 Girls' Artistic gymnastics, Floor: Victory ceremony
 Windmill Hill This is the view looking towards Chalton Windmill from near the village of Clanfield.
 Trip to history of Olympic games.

________________

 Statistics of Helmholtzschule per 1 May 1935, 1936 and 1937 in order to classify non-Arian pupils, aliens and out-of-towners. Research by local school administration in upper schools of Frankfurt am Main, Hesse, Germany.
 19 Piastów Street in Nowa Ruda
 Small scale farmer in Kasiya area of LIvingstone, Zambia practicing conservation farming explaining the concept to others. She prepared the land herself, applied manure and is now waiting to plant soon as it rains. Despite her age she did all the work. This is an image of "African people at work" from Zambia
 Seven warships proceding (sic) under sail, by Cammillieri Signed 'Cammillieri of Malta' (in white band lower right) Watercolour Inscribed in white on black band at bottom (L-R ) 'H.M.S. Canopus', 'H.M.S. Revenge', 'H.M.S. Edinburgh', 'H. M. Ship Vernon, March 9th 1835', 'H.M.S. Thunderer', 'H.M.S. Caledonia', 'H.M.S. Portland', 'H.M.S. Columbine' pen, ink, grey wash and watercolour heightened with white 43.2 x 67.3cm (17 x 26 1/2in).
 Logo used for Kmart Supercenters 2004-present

________________

• **PROBLEM STATEMENT**
Above are the records; copy exactly the lines from the line with "Girls' Artistic gymnastics, Floor: Victory" through the line with "Trip to history of Olympic games.", both included.

• **SOLUTION**
 Girls' Artistic gymnastics, Floor: Victory ceremony
 Windmill Hill This is the view looking towards Chalton Windmill from near the village of Clanfield.
 Trip to history of Olympic games.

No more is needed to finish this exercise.